An Indian deliveryman working with the food delivery app Zomato sits on his bike in a business district in Mumbai. Photo: AFP

Ride-hailing giant Uber Technologies Inc has exited the food delivery business in India and sold its Uber Eats arm to Zomato in an all-stock deal on Tuesday.

The deal will give Uber 9.99% ownership in the SoftBank-backed Zomato and help the US cab aggregator to cut back on loss-making business segments globally.

For Uber, this move can result in annualized savings of nearly US$750 million, according to last year’s regulatory filing. In the first three quarters of this fiscal year, Uber Eats India totalled 3% in gross bookings but accounted for more than 25% of adjusted EBITA losses.

While the two companies did not share the deal size, sources peg it around $300-350 million. Uber Eats in India will discontinue operations and direct restaurants, delivery partners and its users to the Zomato platform.

“We are proud to have pioneered restaurant discovery and to have created a leading food delivery business across more than 500 cities in India. This acquisition significantly strengthens our position in the category,” Zomato CEO Deepinder Goyal said.
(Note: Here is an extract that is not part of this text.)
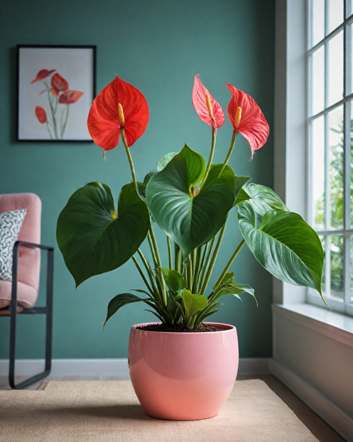 Anthuriums are great for living rooms because they bloom with bright red flowers pretty much all year round.
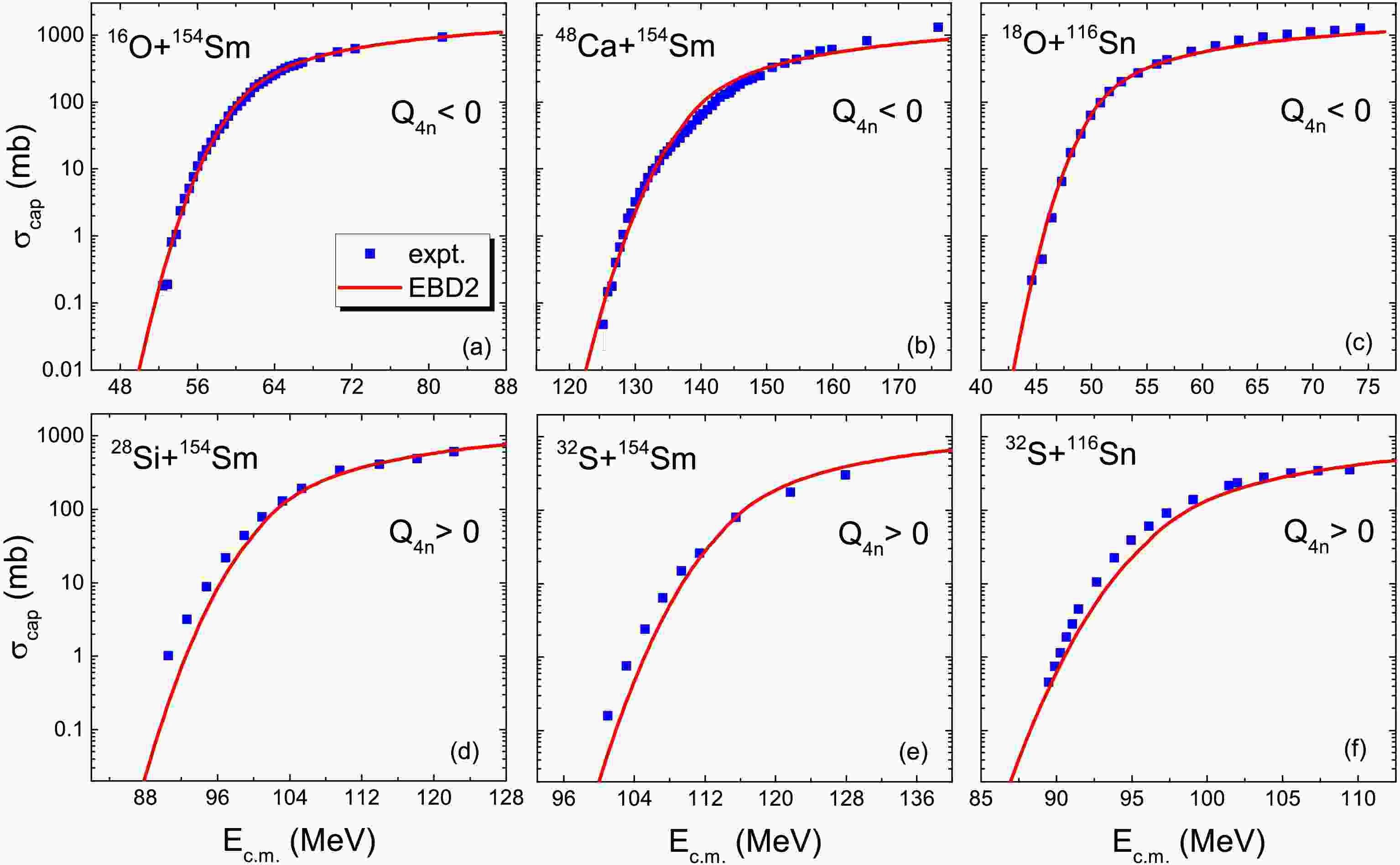 Figure 1.  (color online) Capture excitation functions for 16O+154Sm [6], 48Ca+154Sm [36], 18O+116Sn [26], 28Si+154Sm [37], 32S+154Sm [38], and32S+116Sn [39]. The squares and curves denote the experimental data and predictions of EBD2 [32], respectively.

Dara Khosrowshahi, CEO of Uber, said: “Our Uber Eats team in India has achieved an incredible amount over the last two years, and I couldn’t be prouder of their ingenuity and dedication.”

“India remains an exceptionally important market to Uber and we will continue to invest in growing our local rides business,” he added. Uber Eats will, however, continue its operations in Sri Lanka and Bangladesh.

The deal comes close on the heels of Zomato raising $150 million in funding from existing investor Ant Financial, an Alibaba affiliate, at a $3 billion valuation.

Uber Eats, which was launched in 2017 in India, had about 26,000 restaurant partners and garnered about 12% of the market. The Indian food delivery market is dominated by Naspers-backed Swiggy, which delivers 42 million orders a month, while Zomato delivers about 37 million.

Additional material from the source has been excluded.